In the Gen2 Child dataset, self-reported age is stated by month (eg, the child is 38 months old); a constant of 0.5 months has been added to balance the downward bias. In the Gen2 YA and Gen1 datasets, self-reported age is stated by year (eg, the subject is 52 years old); a constant of 0.5 years has been added.

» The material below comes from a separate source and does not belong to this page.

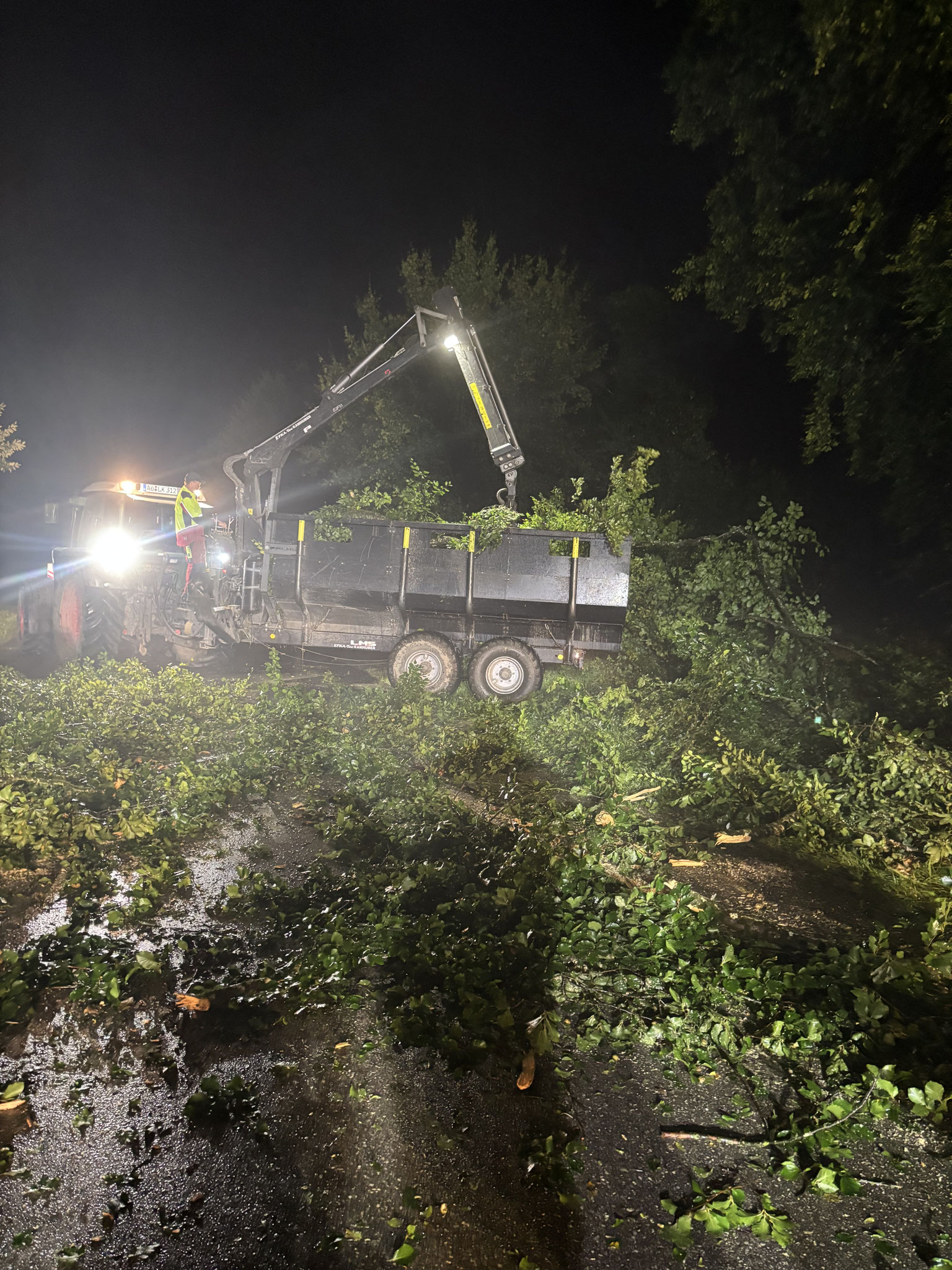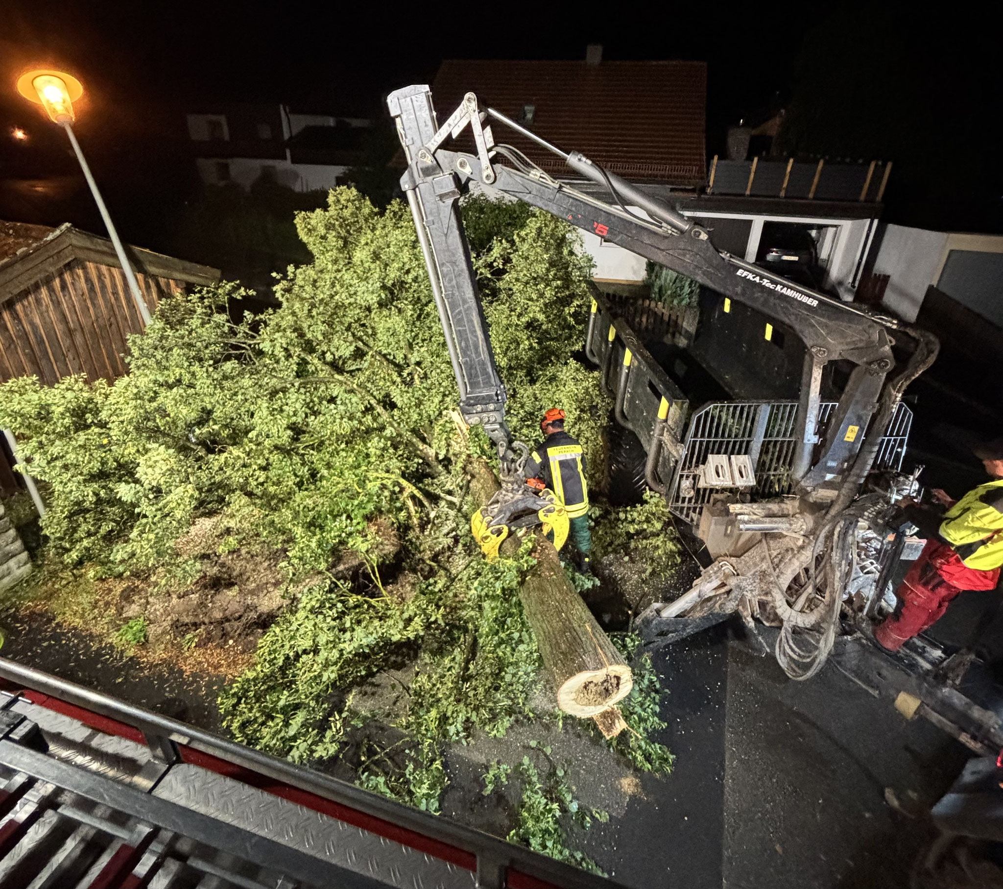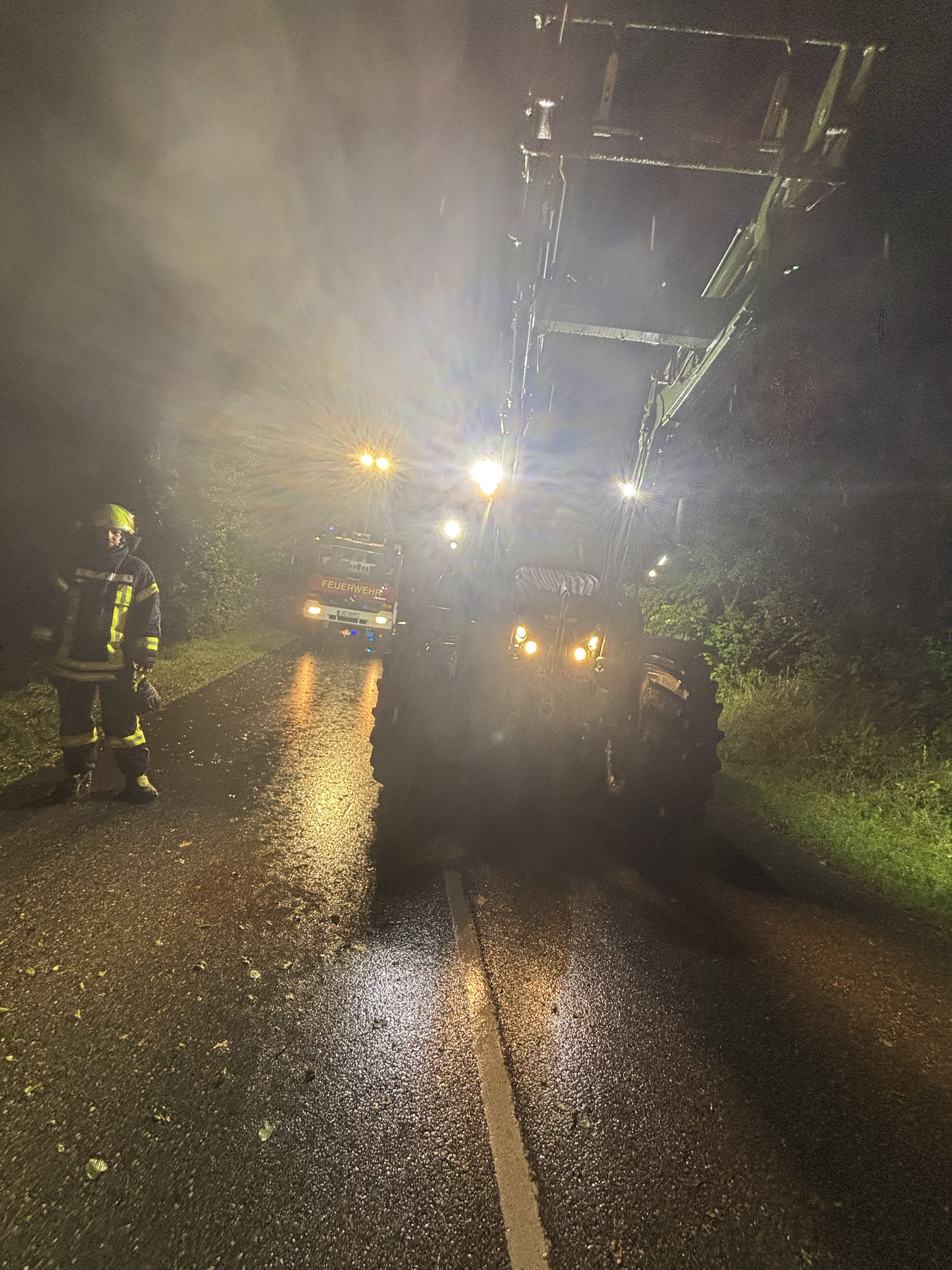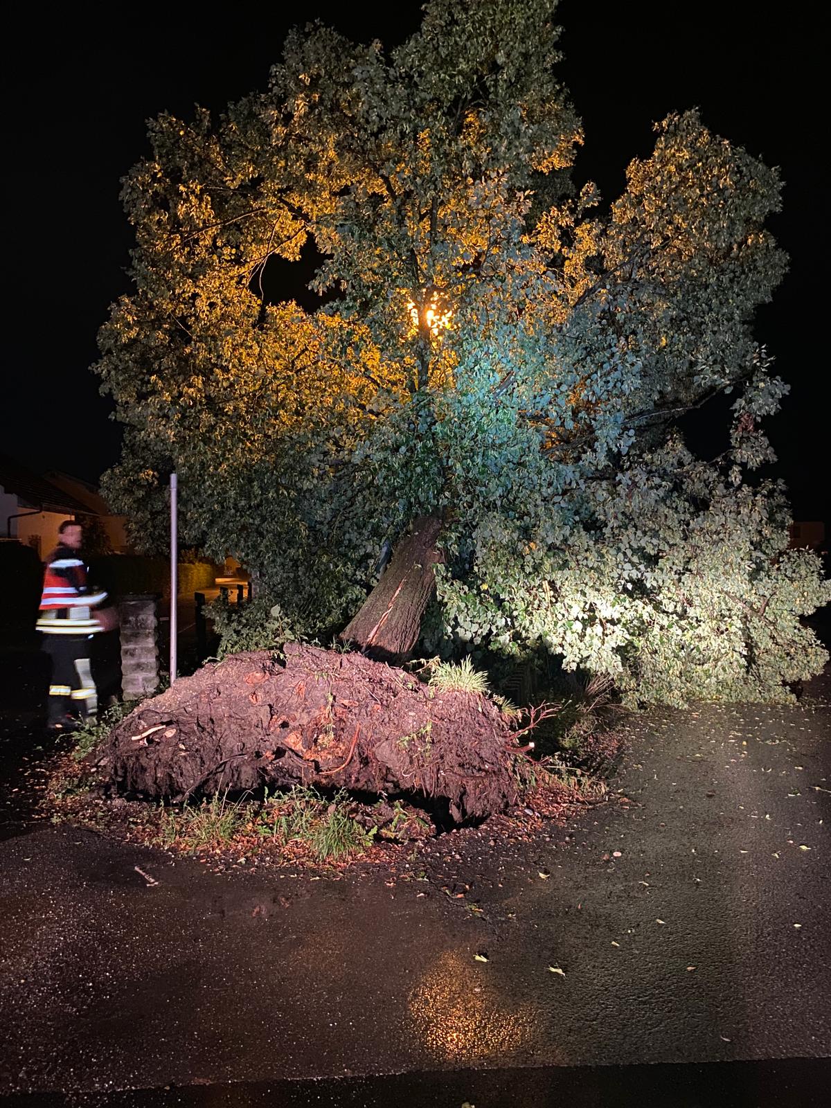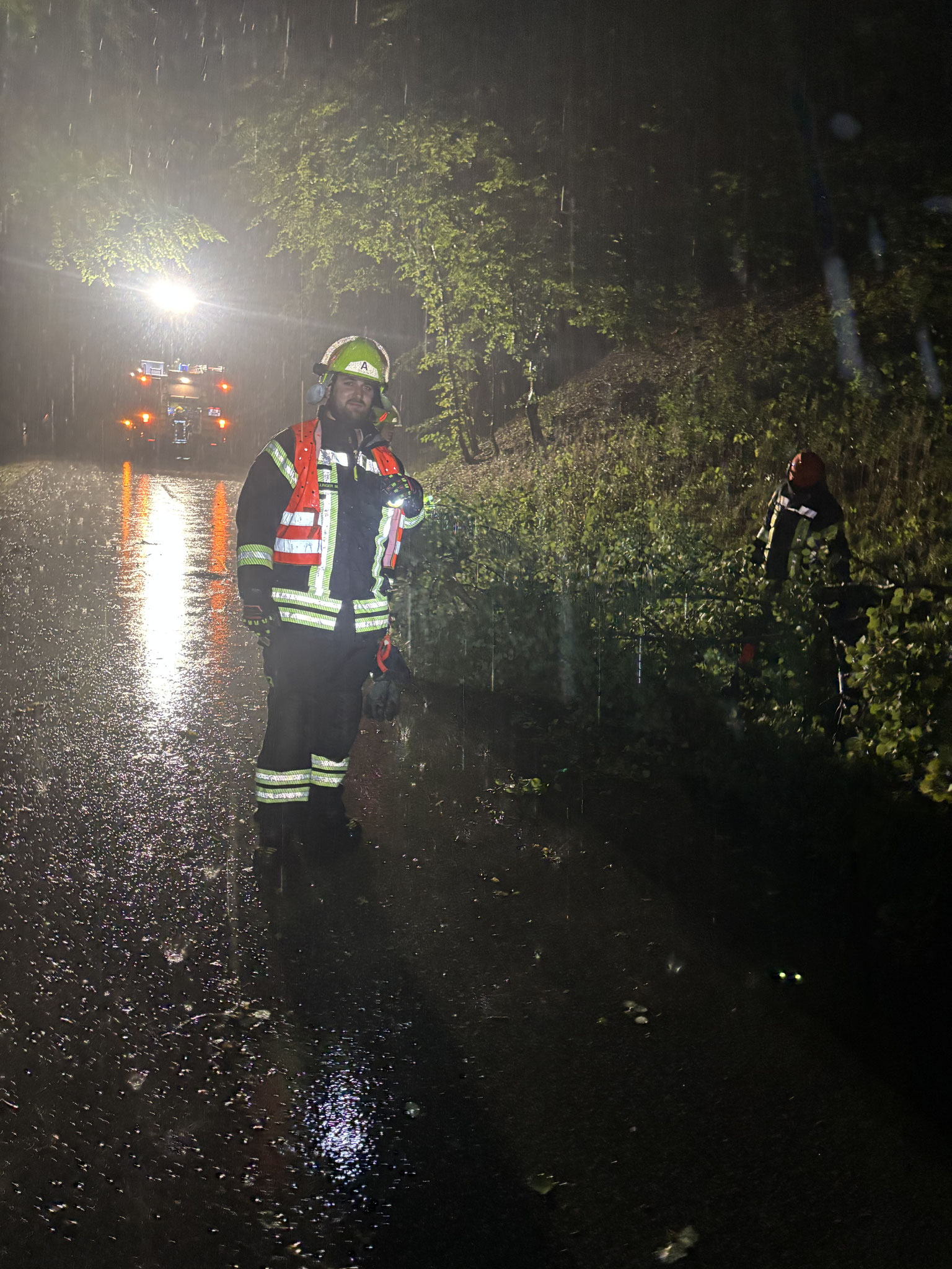 Freitag Nacht wurden wir bei einem heftigen Unwetter zu einem Baum über die Fahrbahn alarmiert. Wir stellten im Anschluss im gesamten Ortsgebiet mehrere Bäume über den Straßen fest. Bis 5 Uhr morgens fertigten wir mehrere Einsatzstellen ab.

library(NlsyLinks) # Load the package into the current R session.
summary(Survey79)
#> SubjectTag SurveySource SurveyYear Age
#> Min. : 100 NoInterview:257047 Min. :1979 Min. : 0.00
#> 1st Qu.: 313900 Gen1 :236338 1st Qu.:1985 1st Qu.:18.50
#> Median : 619752 Gen2C : 52038 Median :1990 Median :24.70
#> Mean : 618530 Gen2YA : 35329 Mean :1992 Mean :25.31
#> 3rd Qu.: 914403 3rd Qu.:1998 3rd Qu.:32.30
#> Max. :1268600 Max. :2010 Max. :54.90
#> NA's :257047
table(Survey79$SurveyYear, Survey79$SurveySource)
#>
#> NoInterview Gen1 Gen2C Gen2YA
#> 1979 11512 12686 0 0
#> 1980 12057 12141 0 0
#> 1981 12003 12195 0 0
#> 1982 12075 12123 0 0
#> 1983 11977 12221 0 0
#> 1984 12129 12069 0 0
#> 1985 13304 10894 0 0
#> 1986 8581 10655 4962 0
#> 1987 13713 10485 0 0
#> 1988 8064 10465 5669 0
#> 1989 13593 10605 0 0
#> 1990 7971 10436 5791 0
#> 1991 15180 9018 0 0
#> 1992 8674 9016 6508 0
#> 1993 15187 9011 0 0
#> 1994 8287 8889 6042 980
#> 1996 8494 8636 5396 1672
#> 1998 8764 8399 4896 2139
#> 2000 9755 8033 3385 3025
#> 2002 9047 7724 3189 4238
#> 2004 9058 7661 2455 5024
#> 2006 8944 7654 1756 5844
#> 2008 8936 7757 1200 6305
#> 2010 9742 7565 789 6102
table(is.na(Survey79$AgeSelfReportYears), is.na(Survey79$AgeCalculateYears))
#> < table of extent 0 x 0 >
if (require(ggplot2) & require(dplyr)) {
dsSourceYear <- Survey79 %>%
dplyr::count(SurveyYear, SurveySource) %>%
dplyr::filter(SurveySource != "NoInterview")
Survey79 %>%
dplyr::filter(SurveySource != "NoInterview") %>%
dplyr::group_by(SurveySource, SurveyYear) %>%
dplyr::summarize(
age_min = min(Age, na.rm = TRUE),
age_max = max(Age, na.rm = TRUE)
) %>%
dplyr::ungroup() %>%
ggplot(aes(x = SurveyYear, ymin = age_min, ymax = age_max, color = SurveySource)) +
geom_errorbar() +
scale_color_brewer(palette = "Dark2") +
theme_minimal() +
theme(legend.position = c(0, 1), legend.justification = c(0, 1))
}
#> Loading required package: ggplot2
#> Loading required package: dplyr
#>
#> Attaching package: ‘dplyr’
#> The following objects are masked from ‘package:stats’:
#>
#> filter, lag
#> The following objects are masked from ‘package:base’:
#>
#> intersect, setdiff, setequal, union
#> `summarise()` has grouped output by 'SurveySource'. You can override using the
#> `.groups` argument.
#> Warning: A numeric `legend.position` argument in `theme()` was deprecated in ggplot2
#> 3.5.0.
#> ℹ Please use the `legend.position.inside` argument of `theme()` instead.